Read In the Beauty of the Lilies Online
Authors: John Updike
“This unseasonable muggy spell has got us all down. My wager is you’ll be up and about within a week or two.”
“Ah, don’t talk foolishness, sir, in trying to be kind. I’m nearing the end, and I’m ready to face the verdict. Reverend Wilmot, tell me true now. The time for soft talk is by. What do you think my chances are, to find myself among the elect?”
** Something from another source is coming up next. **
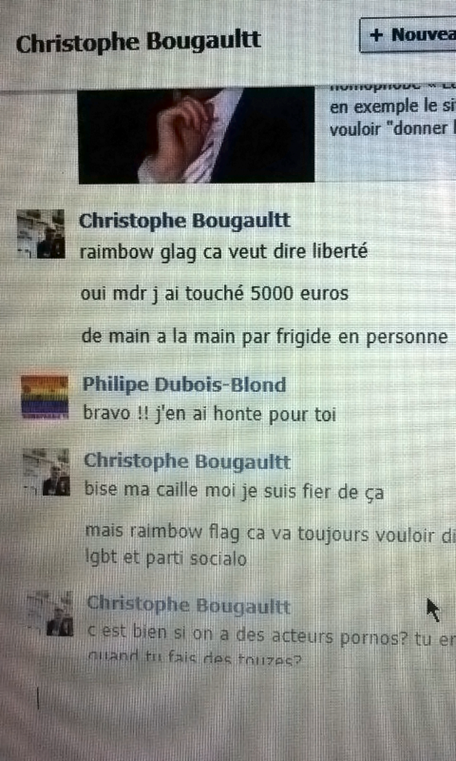 On est tombé sur des échanges étranges : Une preuve que les « Gays » témoignant contre la loi ont été payés par celle qui touche les ASSEDIC en tant que fausse intermittentE du spectacle et loge à 4 dans 175m2 dans un somptueux HLM … donc tout cela aux frais du contribuable !!!???? Votre avis compte !!

The little face in the pillow emitted an odor of dental rot and stale mucus that afflicted Clarence’s nose six feet away, though the ward was perfumed with alcohol and ether. “In all frankness,” he said as gravely as he could, into the small monkeyish face, “I should estimate your chances to be excellent. Have you, in the course of your life as best you can remember, ever enjoyed a palpable experience of the living Christ?” Clarence’s mouth felt dry, dragging forth this old formula, with its invitation to hallucination and hysteria.
Mr. Orr’s eyes had forced wider apart the enclosing folds of skin; the bleached circlets of his irises were aswim in yellowish rheum threaded with blood. “I cannot honestly recollect ever enjoying that. I’ve searched my heart, but it’s hard to say,
now, isn’t it? Some of these women, they boast of the Lord as if He comes to pay court every night. I’ve had what you might call promptings, during prayer and on rare occasion in the middle of the day, while about business of another sort. But I wouldn’t want to make claims for them as palpable experiences. A palpable experience, I guess you’d have no doubt—isn’t that so?”
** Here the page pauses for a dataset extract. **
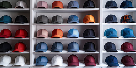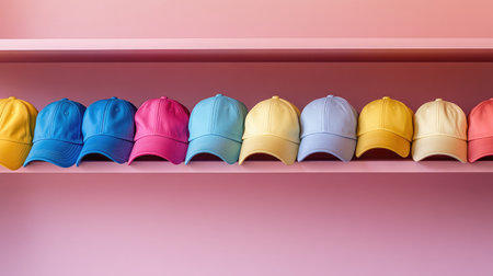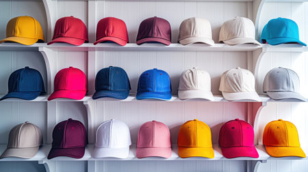 Colorful baseball caps lined up neatly on a shelf in a minimalist retail space

He had struck a note of sly wheedling that brought home to Clarence the cruelty of a theology that sets us to ransacking our nervous systems for a pass to Heaven, even a shred of a ticket. “You’re too modest, Mr. Orr. Anyway, some among us teaching elders hold that there can
be
no palpable experience—just the impalpable experience of existing in God’s grace, won anew by His Son Jesus Christ.”
The silence that greeted this was perhaps longer than Clarence imagined it. Then Orr said, “Well, if I’m not to be among the saved, it was laid down that way at the beginning of Creation, and what can a body do? Tell me, sir. What can we poor bodies down here do?”
Clarence was taken aback; dying was making the man conversationally ruthless. “What we can do, Mr. Orr, is to do good to our fellow man and trust in the Lord and enjoy His gifts when they are granted to us. I don’t see how any deity can ask more of us than that.”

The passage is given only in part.